## Getting started with NAS

This notebook describes the basic steps you need to optimize an architecture using NAS framework.

### Main chapters of this notebook:
1. Setup the environment
1. Prepare dataset and create dataloaders
1. Create model and move it into search space
1. Pretrain constructed search space
1. Search the best architecture
1. Tune model with the best architecture
1. Make model portable

## Setup the environment
First, let's set up the environment and make some common imports.

In [None]:
import os

os.environ['CUDA_DEVICE_ORDER'] = 'PCI_BUS_ID'
# You may need to uncomment and change this variable to match free GPU index
# os.environ['CUDA_VISIBLE_DEVICES'] = '0'

In [None]:
import sys

sys.path.append('../')

from functools import partial
from pathlib import Path

import torch
import torch.nn as nn
import numpy as np
from torch_optimizer import RAdam
from torch.optim import SGD
from torch.optim.lr_scheduler import CosineAnnealingLR
from torchvision.models.mobilenet import mobilenet_v2

from enot.autogeneration import TransformationParameters
from enot.autogeneration import generate_pruned_search_variants_model
from enot.latency import current_latency
from enot.latency import initialize_latency
from enot.latency import min_latency
from enot.latency import max_latency
from enot.latency import mean_latency
from enot.models import SearchSpaceModel
from enot.optimize import FixedLatencySearchOptimizer
from enot.optimize import PretrainOptimizer
from enot.optimize.search import EvolutionSearch
from enot.utils.benchmark import TorchBenchmarkRunner

from tutorial_utils.checkpoints import download_autogen_pretrain_checkpoint
from tutorial_utils.dataset import create_imagenette_dataloaders
from tutorial_utils.phases import tutorial_train_loop
from tutorial_utils.train import WarmupScheduler
from tutorial_utils.train import accuracy

### In the following cell we setup all necessary dirs

* `HOME_DIR` - experiments home directory
* `DATASETS_DIR` - root directory for datasets (imagenette2, ...)
* `PROJECT_DIR` - project directory to save training logs, checkpoints, ...

In [None]:
HOME_DIR = Path.home() / '.optimization_experiments'
DATASETS_DIR = HOME_DIR / 'datasets'
PROJECT_DIR = HOME_DIR / 'getting_started'

HOME_DIR.mkdir(exist_ok=True)
DATASETS_DIR.mkdir(exist_ok=True)
PROJECT_DIR.mkdir(exist_ok=True)

## Prepare dataset and create dataloaders

We will use dataset Imagenette2 in this example. <br>
`create_imagenette_dataloaders` function prepares datasets for you in this example; specifically, it:
1. downloads and unpacks dataset into `DATASETS_DIR`;
1. splits dataset into 4 parts, and saves annotations of every part in `PROJECT_DIR` (We need this to prevent the overfitting effect, but for big datasets you can split dataset as usual train/val/test);
1. creates dataloaders for every stage, and returns dataloaders as a dictionary.

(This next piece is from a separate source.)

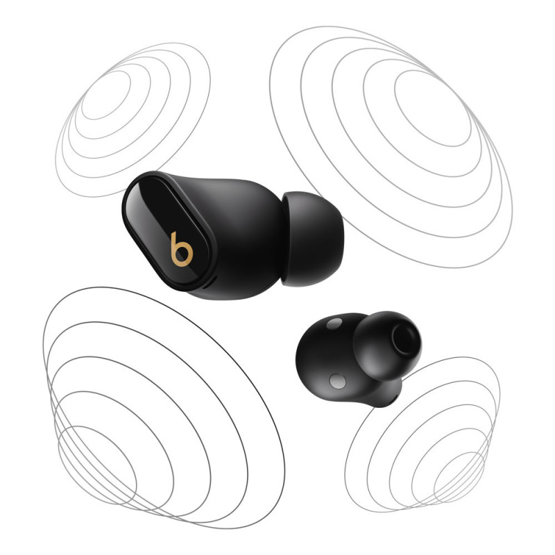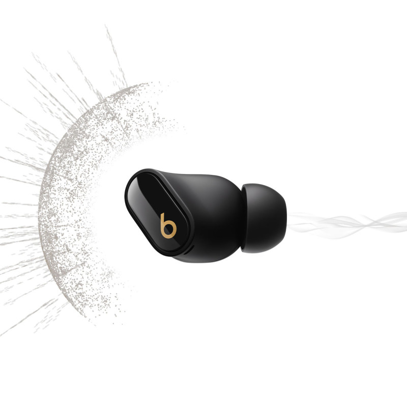 footnote10Testing conducted by Apple in March 2023 using preproduction Beats Studio Buds + and Charging Case units and software paired with iPhone 13 Pro units and pre-release software. The playlist consisted of 358 unique audio tracks purchased from the iTunes Store (256-Kbps AAC encoding). Volume was set to 50% and Active Noise Cancellation was turned on. Testing consisted of full Beats Studio Buds + battery discharge while playing audio until the first Beats Studio Buds + stopped playback. Battery life depends on device settings, environment, usage, and many other factors.

The four parts of the dataset:
* train: for pretrain and tuning stages (`PROJECT_DIR`/train.csv)
* validation: to choose checkpoint for architecture optimization (`PROJECT_DIR`/validation.csv)
* search: for architecture search stage (`PROJECT_DIR`/search.csv)
* test: hold-out data for testing (`PROJECT_DIR`/test.csv)

Available dataloaders in the dictionary:
* pretrain_train_dataloader:
    training dataloader for "pretrain" stage (using data from `PROJECT_DIR`/train.csv)

* pretrain_validation_dataloader:
    validation dataloader for "pretrain" stage (using data from `PROJECT_DIR`/validation.csv)

* search_train_dataloader:
    training dataloader for "search" stage (using data from `PROJECT_DIR`/search.csv)

* search_validation_dataloader:
    validation dataloader for "search" stage (using data from `PROJECT_DIR`/search.csv)

* tune_train_dataloader:
    training dataloader for "finetune" stage (same as pretrain_train_dataloader)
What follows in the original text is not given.